Records from a collection —
+ + + + +
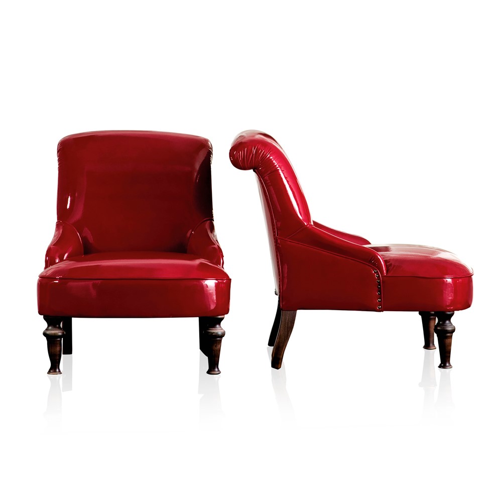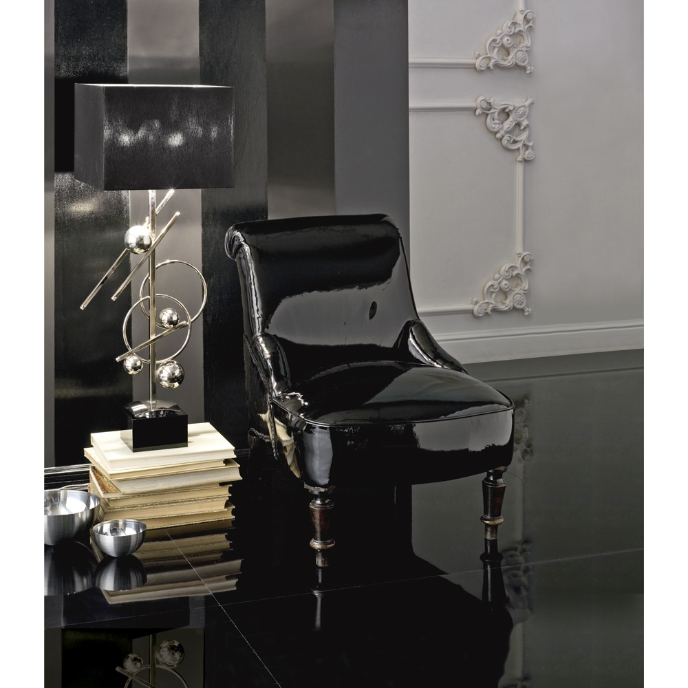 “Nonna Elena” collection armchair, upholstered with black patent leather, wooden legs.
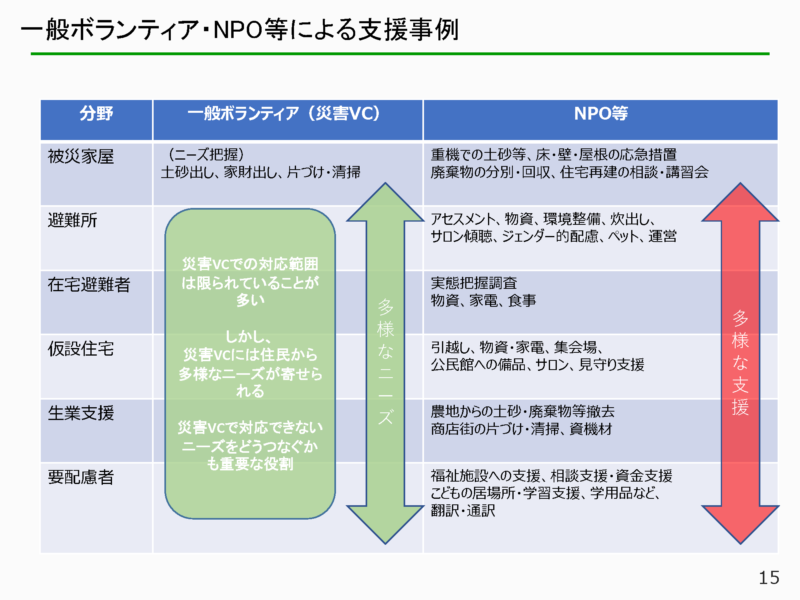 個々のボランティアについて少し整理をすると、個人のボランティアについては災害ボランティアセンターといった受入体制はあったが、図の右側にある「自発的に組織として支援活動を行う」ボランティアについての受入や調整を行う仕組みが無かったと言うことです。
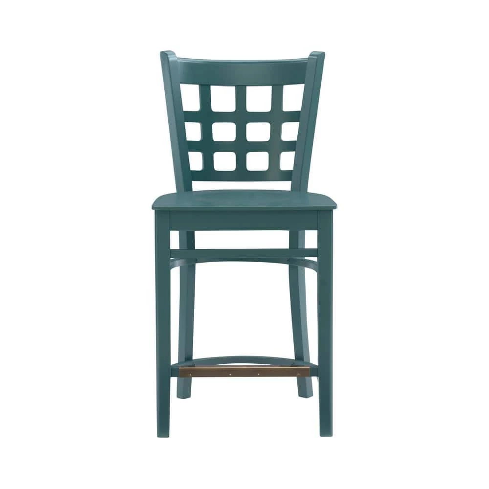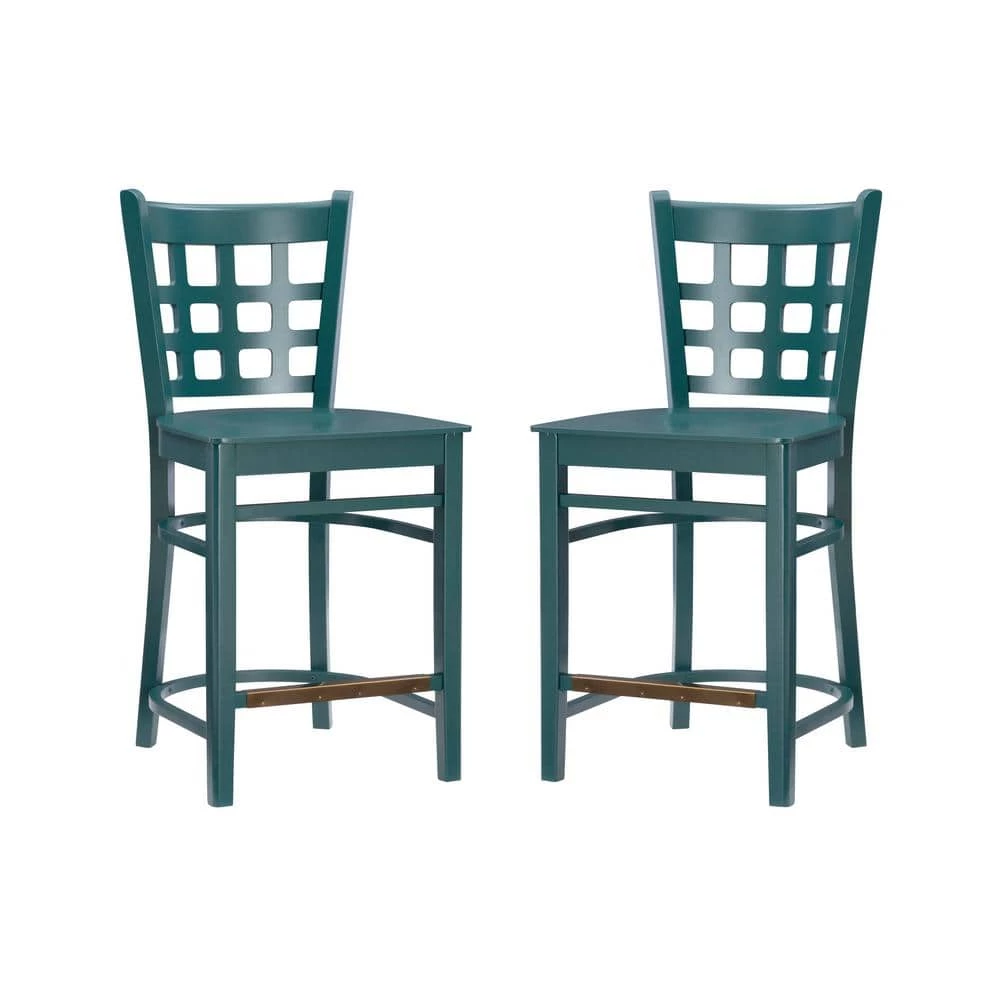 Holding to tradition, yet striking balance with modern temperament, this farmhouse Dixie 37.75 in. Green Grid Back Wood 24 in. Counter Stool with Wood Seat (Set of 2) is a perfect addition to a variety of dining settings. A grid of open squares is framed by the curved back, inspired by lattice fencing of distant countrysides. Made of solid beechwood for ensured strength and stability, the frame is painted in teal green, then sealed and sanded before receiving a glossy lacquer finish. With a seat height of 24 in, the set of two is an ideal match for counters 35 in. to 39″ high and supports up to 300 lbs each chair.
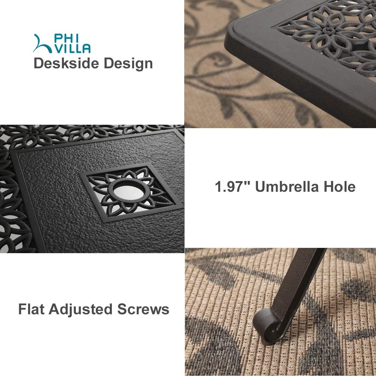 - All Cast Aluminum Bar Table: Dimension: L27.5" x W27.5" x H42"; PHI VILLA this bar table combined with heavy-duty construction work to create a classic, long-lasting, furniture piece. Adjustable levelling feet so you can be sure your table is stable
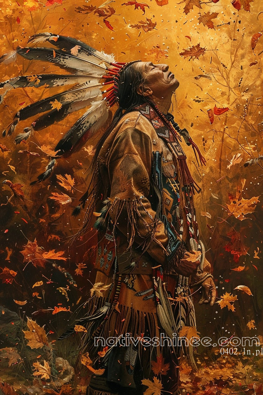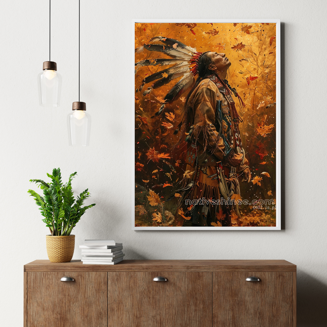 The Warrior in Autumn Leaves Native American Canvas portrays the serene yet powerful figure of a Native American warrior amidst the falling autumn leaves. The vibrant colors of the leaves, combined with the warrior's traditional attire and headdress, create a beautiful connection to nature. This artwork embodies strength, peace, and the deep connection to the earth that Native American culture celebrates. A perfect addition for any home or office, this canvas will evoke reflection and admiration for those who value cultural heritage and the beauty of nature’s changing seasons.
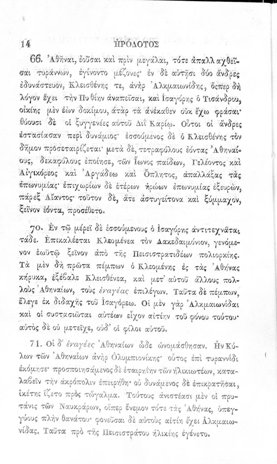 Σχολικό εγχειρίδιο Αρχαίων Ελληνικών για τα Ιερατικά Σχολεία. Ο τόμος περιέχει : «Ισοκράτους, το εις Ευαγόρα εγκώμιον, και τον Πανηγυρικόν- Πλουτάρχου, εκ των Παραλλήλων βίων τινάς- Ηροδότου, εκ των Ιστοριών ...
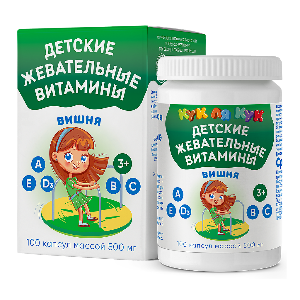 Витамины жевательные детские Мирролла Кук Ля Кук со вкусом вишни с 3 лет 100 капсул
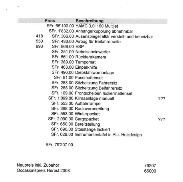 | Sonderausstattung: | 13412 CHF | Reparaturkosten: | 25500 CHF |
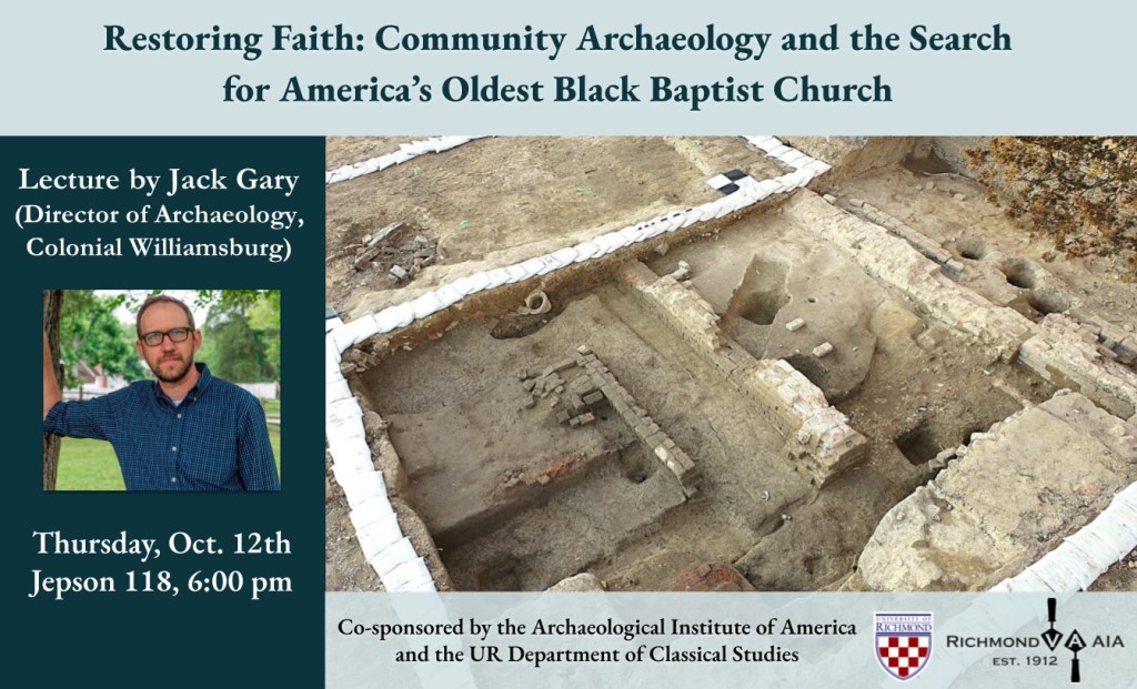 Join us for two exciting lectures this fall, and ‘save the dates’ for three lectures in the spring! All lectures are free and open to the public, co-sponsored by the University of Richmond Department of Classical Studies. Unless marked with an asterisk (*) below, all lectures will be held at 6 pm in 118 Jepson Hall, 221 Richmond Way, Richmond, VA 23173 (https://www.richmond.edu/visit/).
+ + + + +
About this task — Return the lines exactly as they stand, from the start of the entries through the line holding "個々のボランティアについて少"; omit the pictures.

Task response —
 “Nonna Elena” collection armchair, upholstered with black patent leather, wooden legs.
 個々のボランティアについて少し整理をすると、個人のボランティアについては災害ボランティアセンターといった受入体制はあったが、図の右側にある「自発的に組織として支援活動を行う」ボランティアについての受入や調整を行う仕組みが無かったと言うことです。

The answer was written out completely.